Прокопович родился в 1681 году в семье, принадлежавшей к торговому сословию, и при крещении был назван Елеазаром. Воспитанием своим он был обязан своему дяде, ректору Киевской академии, Феофану Прокоповичу, по имени которого он и сам был впоследствии назван Феофаном. Дядя поместил его в Академию, где он учился отлично. Но Киевская академия не удовлетворяла его, и по окончании в ней философского курса он для продолжения своего образования отправился в польские училища, как сделал это несколько ранее и Стефан Яворский. Так как в эти училища принимали только тех из православных, которые соглашались сделаться униатами, то Прокопович принял унию и постригся в монахи в Битевском Базилианском монастыре с именем Елисея. Отсюда Прокопович был отправлен в Рим и поступил в миссионерскую Коллегию св. Афанасия. Здесь он прослушал курсы Аристотелевой философии и схоластического богословия. Иезуиты хотели воспитать в Прокоповиче ревностного католика, но трехлетнее пребывание его в Риме сопровождалось другими, совершенно противоположными последствиями. Изучивши дух католичества в самой его столице, строй католической церковной жизни и церковного управления (при нем происходило избрание папы Климента XI), Прокопович глубоко понял всю несостоятельность католицизма и все противоречие его духу Православной Церкви и, вместо приверженца, сделался самым жарким его противником.
По возвращении в Киев он был пострижен в монахи с именем Феофана и прошел в Академии последовательно одну за другою все ученые и административные должности, был учителем пиитики и риторики, философии, богословия, занимал должность префекта и ректора Академии. Почти по каждой из наук, которые он преподавал в Академии, были составлены им учебники. Так, будучи учителем поэзии, он составил «Пиитику», изданную Георгием Конисским в 1756 году и написал трагикомедию «Владимир», представленную студентами Академии в 1705 году. Преподавая риторику, он написал также учебник риторики на латинском языке. В этой риторике, между прочим, встречается следующее замечательное место, направленное против католических богословов и проповедников: «Не приводи мне свидетельств ни Фомы Аквината, ни Скотта, ни других нечестивой секты людей; ибо им не подтвердишь своего предмета, но осквернишь и речь и слух верного народа и священного собрания». Феофан советует оратору выбирать предметы для церковной кафедры из житий святых людей, особенно тех, которых произвела Россия, «чтобы узнали, наконец, пустейшие, благоговеющие только перед своими баснями, враги наши, что не бесплодны доблестию наше Отечество и наша вера, и чтобы перестали, наконец, укорять нас в скудости святыни». Если бы Феофан не попал в окружение Великого Реформатора – Петра I, то, может быть, эти добрые мысли его получили бы совсем иное развитие и направление. Но, к большому сожалению, огромные силы и способности Феофана были растрачены не столько на содействие преобразованиям Петра I, сколько на интриги, игру честолюбия и самолюбия, на борьбу за власть, несовместимую с его духовным саном и званием.

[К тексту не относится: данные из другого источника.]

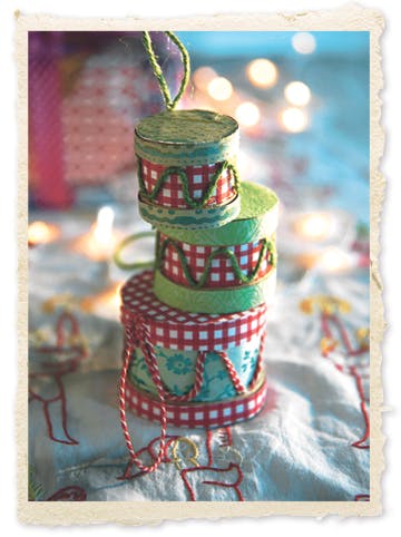 Fortsæt på denne måde med at lime snoren på i skrå takker hele vejen rundt. Inden du klipper snoren af, folder du den dobbelt og laver en løkke, som trommen kan hænge i.
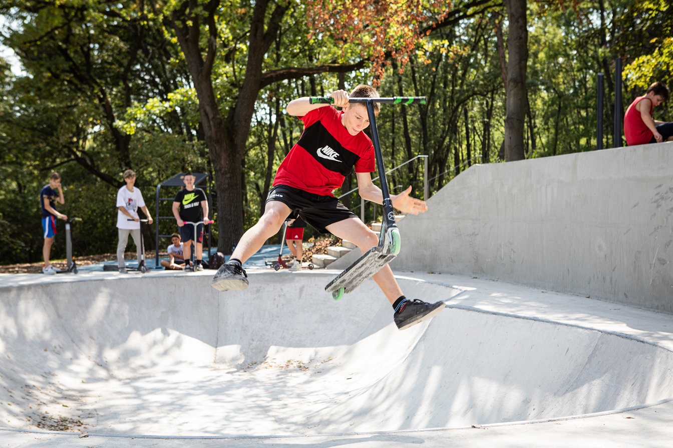 A sportok szerelmesei biztosan szeretni fogják a mászófalat és a szabadtéri kondiparkot, de a bátrabbak kipróbálhatják a földbe süllyesztett skate-pályát is!
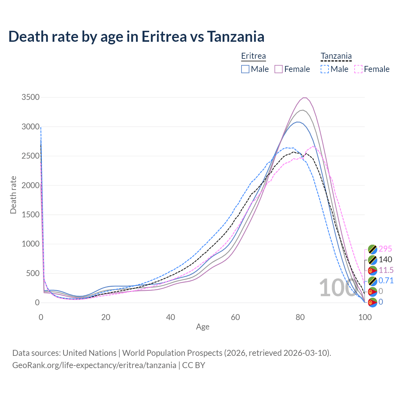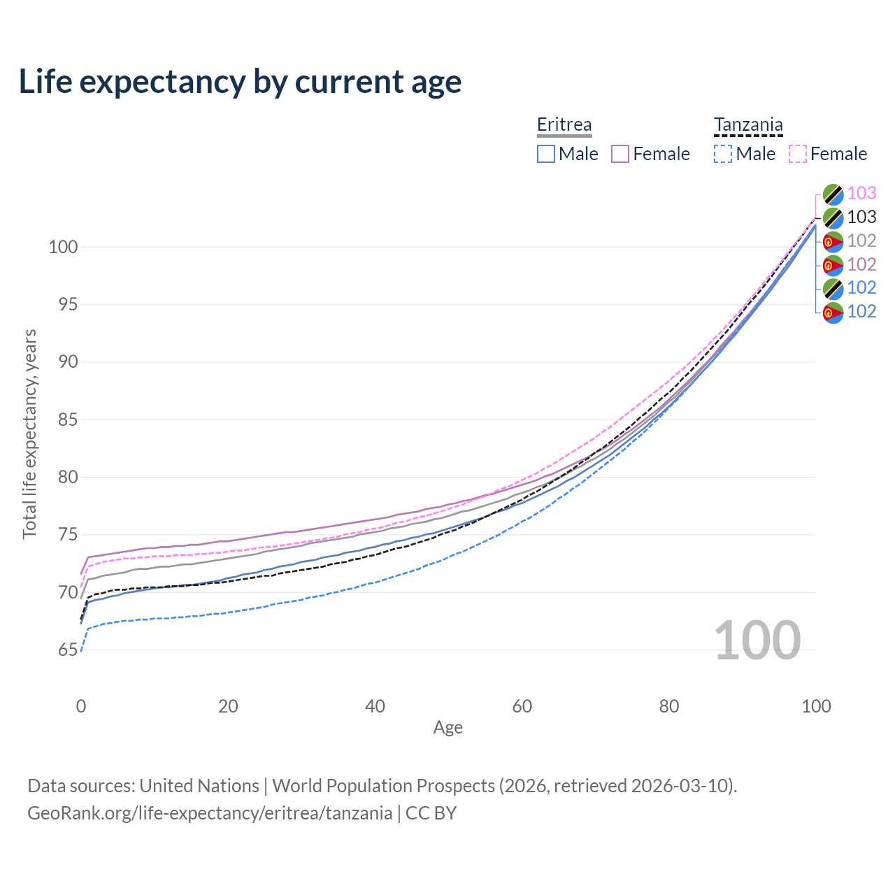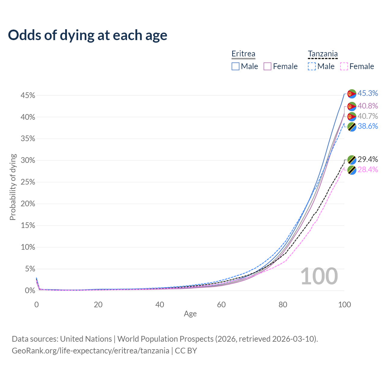 This life expectancy calculator shows the odds of living to 100, 95, 90, and below based on current age for both males and females in Eritrea and Tanzania, along with mean and median age of death. The calculations are based on the 2026 life tables (actuarial tables) from the UN World Population Prospects.

Как бы то ни было в дальнейшей жизни Феофана, период его ректорства в Киевской академии нужно считать с нравственной точки зрения самым блестящим в его деятельности. Именно в эту пору он составил свою богословскую систему, которой положил начало новому направлению в этой науке, установив для нее другой, исторический метод изложения, отличный от прежнего метода схоластического. В схоластических системах истины христианского учения рассматривались и изъяснялись только как логические понятия, безотносительно к их источникам. В системе же Прокоповича в основу изъяснения и доказательства этого учения полагается Священное Писание. В схоластических системах христианские истины излагались в виде диспутаций, то есть в форме вопросов и ответов, а в системе Прокоповича они излагаются в положительной форме. При изложении догматов Прокопович указывает на их историю и, представив положительное учение, делает опровержение его противников. Такой метод изложения он заимствовал у протестантских богословов Гергарда, Квенштедта, Голлазия, системами которых он первый начал пользоваться вместо прежних систем Фомы Аквината и других схоластических богословов. Впрочем, Феофан Прокопович не успел составить полную систему богословия, а написал лишь введение в богословие и семь трактатов: О Боге едином; О Святой Троице; Об исхождении Святого Духа; О творении и промышлении; О первобытном состоянии человека; О состоянии человека после падения; О благодатном через Христа оправдании грешника. Несмотря на то, в продолжение всего XVIII и начала XIX века «Богословие» Феофана Прокоповича служило руководством для преподавателей богословия в семинариях и академиях, которые различным образом его переделывали, то сокращая, то дополняя.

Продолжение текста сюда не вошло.